DUI arrests are fast becoming the number one type of criminal charge in the U.S. today according to many sources. The police are often encouraged and empowered to stop as many motorists as they can in the hopes of catching a driver who is impaired by alcohol or drugs, or sometimes both. In the zeal for getting DUI drivers off the road we sometimes forget that the Bill of Rights affords each one of us the protection from unreasonable searches and detentions by law enforcement, with this being said, is it reasonable or legal to stop a car just because the driver was observed leaving a bar or drinking establishment? Some say it is OK, others believe that unless the officer sees some illegal action, that type of stop would be illegal.
According to Bruce Blythe, a Bakersfield Criminal Defense Attorney who handles many DUI cases, a stop by police simply based on the fact that the driver was seen walking out of a bar would be Constitutionally impermissible.
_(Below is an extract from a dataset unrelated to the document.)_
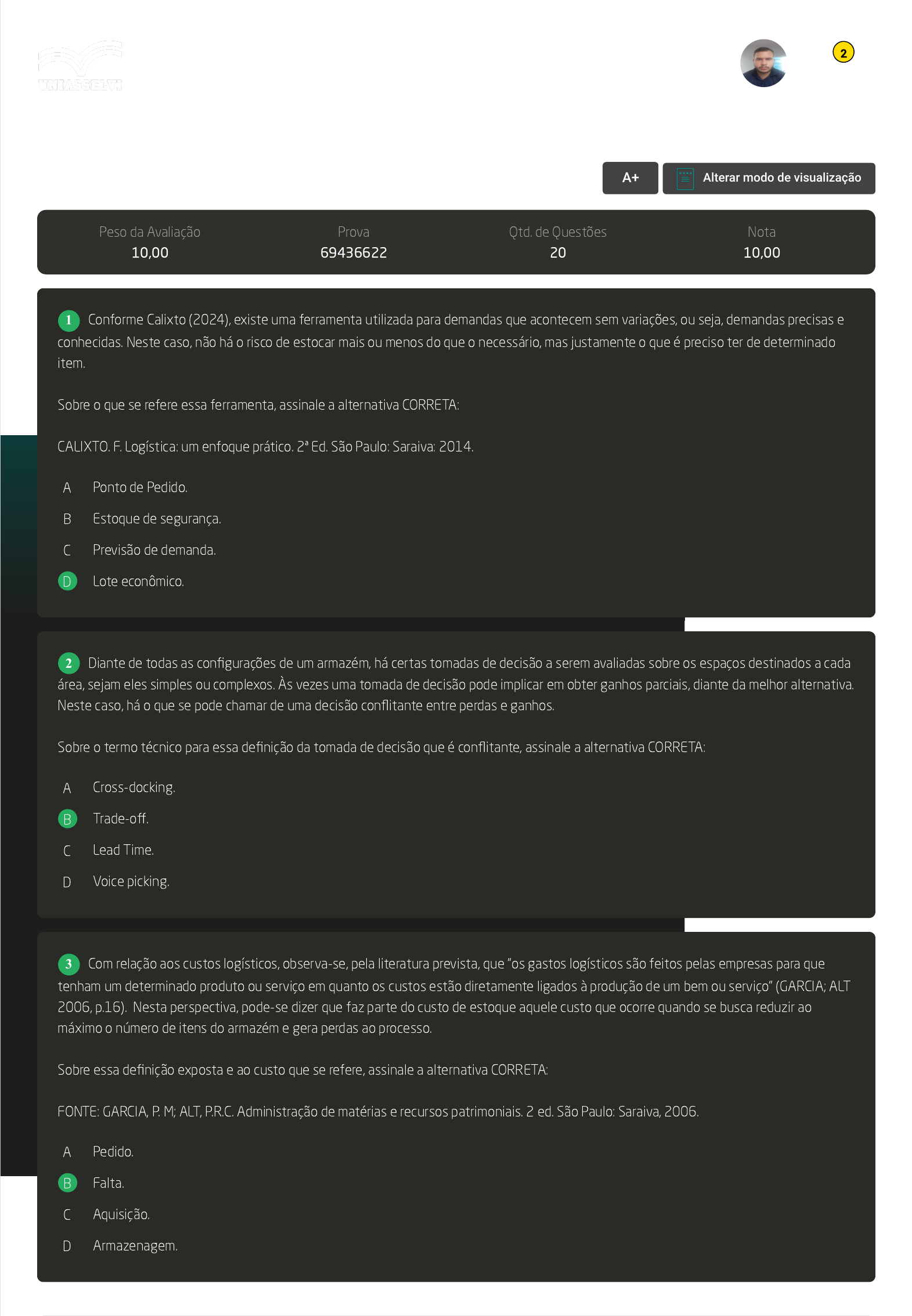 27/08/2023 16:53 AVA https://ava2.uniasselvi.com.br/subject/grades-and-tests/answer-book/eyJ0ZXN0Ijp7InRlc3RDb2RlIjoiNjc4MDg0IiwiZGVzY3JpcHRpb24iOiJBdmFsaWHDp8OjbyBkYSBEaXNjaXBsaW5hIiwicGFyYW1ldGVyIjpudWxsL… 1/6 GABARITO | Avaliação da Disciplina (Cod.:678084) Peso da Avaliação 10,00 Prova 69436622 Qtd. de Questões 20 Nota 10,00 Conforme Calixto (2024), existe uma ferramenta utilizada para demandas que acontecem sem variações, ou seja, demandas precisas e conhecidas. Neste caso, não há o risco de estocar mais ou menos do que o necessário, mas justamente o que é preciso ter de determinado item. Sobre o que se refere essa ferramenta, assinale a alternativa CORRETA: CALIXTO. F. Logística: um enfoque prático. 2ª Ed. São Paulo: Saraiva: 2014. A Ponto de Pedido. B Estoque de segurança. C Previsão de demanda. D Lote econômico. Diante de todas as configurações de um armazém, há certas tomadas de decisão a serem avaliadas sobre os espaços destinados a cada área, sejam eles simples ou complexos. Às vezes uma tomada de decisão pode implicar em obter ganhos parciais, diante da melhor alternativa. Neste caso, há o que se pode chamar de uma decisão conflitante entre perdas e ganhos. Sobre o termo técnico para essa definição da tomada de decisão que é conflitante, assinale a alternativa CORRETA: A Cross-docking. B Trade-off. C Lead Time. D Voice picking. Com relação aos custos logísticos, observa-se, pela literatura prevista, que “os gastos logísticos são feitos pelas empresas para que tenham um determinado produto ou serviço em quanto os custos estão diretamente ligados à produção de um bem ou serviço” (GARCIA; ALT 2006, p.16). Nesta perspectiva, pode-se dizer que faz parte do custo de estoque aquele custo que ocorre quando se busca reduzir ao máximo o número de itens do armazém e gera perdas ao processo. Sobre essa definição exposta e ao custo que se refere, assinale a alternativa CORRETA: FONTE: GARCIA, P. M; ALT, P.R.C. Administração de matérias e recursos patrimoniais. 2 ed. São Paulo: Saraiva, 2006. A Pedido. B Falta. C Aquisição. D Armazenagem. VOLTAR A+ Alterar modo de visualização 1 2 3 Luiz Antonio Soares de Carvalho Engenharia de Produção (5608741) 2 27/08/2023 16:53 AVA https://ava2.uniasselvi.com.br/subject/grades-and-tests/answer-book/eyJ0ZXN0Ijp7InRlc3RDb2RlIjoiNjc4MDg0IiwiZGVzY3JpcHRpb24iOiJBdmFsaWHDp8OjbyBkYSBEaXNjaXBsaW5hIiwicGFyYW1ldGVyIjpudWxsL… 2/6 Uma das maneiras de analisar os custos de um estoque é a regra 80/20, em que a maior parte das vendas é gerada por alguns produtos e é a regra que menciona que uma pequena proporção dos itens totais contidos em estoque representa uma grande proporção do valor total em estoque (SLACK, 2009). Sobre o nome dessa técnica de análise dos custos do estoque, assinale a alternativa CORRETA: FONTE: SLACK, N.; CHAMBERS, S.; JOHNSTON, R. Administração da produção. 3. ed. São Paulo: Atlas, 2009. A Curva ABC. B Histograma. C Grant Chart. D Diagrama de dispersão. Diante de uma das principais funções da organização que se refere ao Marketing ser sobre atender as exigências do atual mercado consumidor, a competência Logística passa a ser grande diferencial no momento de comercializar qualquer produto ou serviço. Para tanto, a Logística precisa apoiar o conceito dos principais aspectos que são os 4Ps, segundo Kotler e Keller (2006). Sobre o conceito dos 4Ps, associe os itens, utilizando o código a seguir: FONTE: KOTLER, P.; KELLER, K. L. Administração de Marketing. 12 ed. São Paulo: Pearson Prentice Hall, 2006. I - Preço. II - Produto. III - Praça. IV - Promoção. ( ) É o bem de consumo ou serviço produzido pelo negócio. ( ) É a forma de promover o produto com interferência da praça e da publicidade. ( ) É o valor a ser cobrado pelo produto, especificando que o preço menos o custo. ( ) É o local de distribuição do produto em que se concretiza a transmissão da posse. A II – I – IV – III. B II – IV – I – III. C II – I – III – IV. D II – III – IV – I. O planejamento é uma das funções básicas da administração de qualquer organização e pessoa, seja no ramo empresarial, educacional ou pessoal, sendo uma ferramenta que possibilita prever problemas e reduzir os impactos que eles trarão. Nesse sentido, podemos afirmar que o planejamento permite que... Assinale a alternativa que completa corretamente a frase: A Sejam organizados os recursos que serão utilizados, identificando pessoas para atribuir tarefas e funções. B Sejam corrigidas imperfeições nos processos de trabalho, adequando o ambiente interno. C Sejam definidas as ações a serem seguidas, analisando o que é mais adequado de acordo com os objetivos. D Sejam analisados os caminhos e suas chances de sucesso, rumo ao alcance dos objetivos. 4 5 6 Luiz Antonio Soares de Carvalho Engenharia de Produção (5608741) 2 27/08/2023 16:53 AVA https://ava2.uniasselvi.com.br/subject/grades-and-tests/answer-book/eyJ0ZXN0Ijp7InRlc3RDb2RlIjoiNjc4MDg0IiwiZGVzY3JpcHRpb24iOiJBdmFsaWHDp8OjbyBkYSBEaXNjaXBsaW5hIiwicGFyYW1ldGVyIjpudWxsL… 3/6 Para garantir o sucesso de um planejamento, ele deve seguir uma sequência de ações que são ordenadas de modo a analisar o presente e o futuro, sempre tendo como ponto final nossos objetivos. Sobre o planejamento, assinale a alternativa correta: A Não podemos definir um plano de ação como o mais adequado, pois os cenários estão em constante mudança. B O plano de ação deve considerar apenas o cenário futuro, realizando previsões baseadas na emoção e na razão. C Uma vez definido, o plano de ação deve ser implantado e, caso julgado incoerente, deve ser refeito. D Depois de elaborado, o plano de ação deve ser implantado, avaliado e adotadas medidas de correção sempre que necessário. Uma informação importante na gestão dos estoques é verificar quanto aos itens disponíveis no armazém, pensando em rotatividade dos produ

The touchstone of the Fourth Amendment, according to Blythe, is the premise that any "seizure" of a citizen by the government must be based on a reasonable suspicion of criminal activity. This suspicion need not rise to the level of actual certainty, but must cause a reasonable person to conclude that criminal activity may be afoot. In the scenario presented, Blythe argues that the officer would lack any objectively reasonable belief due to the fact that patronizing a bar is not illegal, nor is there any fact upon which the officer could point to that would lead him to a conclusion that the driver had been drinking and was impaired to the degree that he or she could no longer drive the vehicle safely.
In this type of a fact pattern, the absence of any articulated facts to support the belief that the driver was impaired or above the legal limit in California would certainly result in a finding that the contact and subsequent DUI arrest violates the Constitution and thereby would be illegal under CA state law.